Désormais, le Conseil d’État doit juger de la recevabilité du référé liberté et, si c’est le cas, une audience se tiendra sous les 48 heures pour statuer sur la dissolution. Plus de 130 pages de procédure ont été déposés par les avocats du GALE pour démonter, point par point, les arguments gouvernementaux.

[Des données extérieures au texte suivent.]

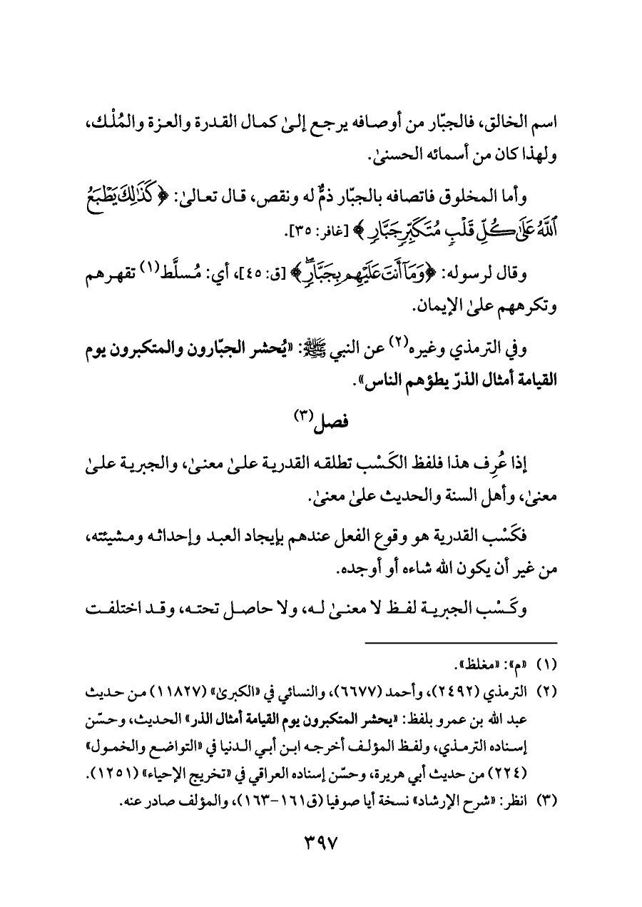 (¬٣) انظر: "شرح الإرشاد" نسخة أيا صوفيا (ق ١٦١ - ١٦٣)، والمؤلف صادر عنه.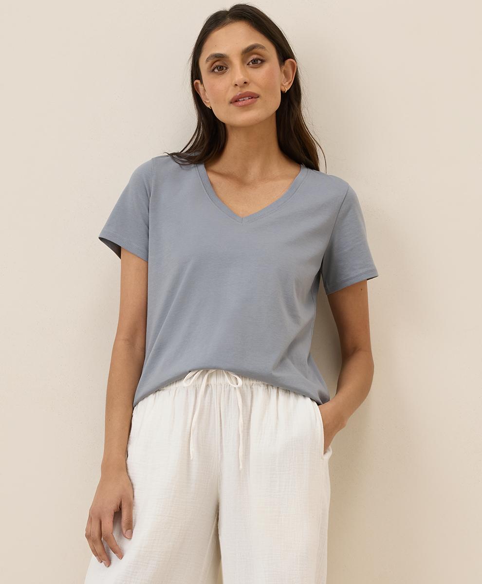 Pact Organic Womens Smoke Blue Softspun V-Neck Tee

Un groupe créé à la suite de la mort de Clément Méric

Surtout, cette dissolution intervient dans un contexte d’importantes violences d’extrême droite à Lyon. Historiquement, cette ville, décrite par certains militants comme « le laboratoire de l’extrême droite », est une place forte des mouvances fascistes et identitaires. Récemment, leurs exactions se sont intensifiées. Les saccages à répétition de la librairie autogérée La Plume Noire n’en sont que des exemples parmi d’autres. Dans leur recension des violences d’extrême-droite, nos confrères de Rapports de force placent Lyon en tête des villes de France les plus touchées par ces actions. « 14 évènements violents ont été causés par l’extrême droite et ils n’ont donné lieu à aucune poursuite pénale, malgré les plaintes déposées au Parquet », écrivent, dans un communiqué en soutien au GALE, des élus insoumis et des membres du Parlement populaire, mouvement politique qui soutient la candidature de Jean-Luc Mélenchon.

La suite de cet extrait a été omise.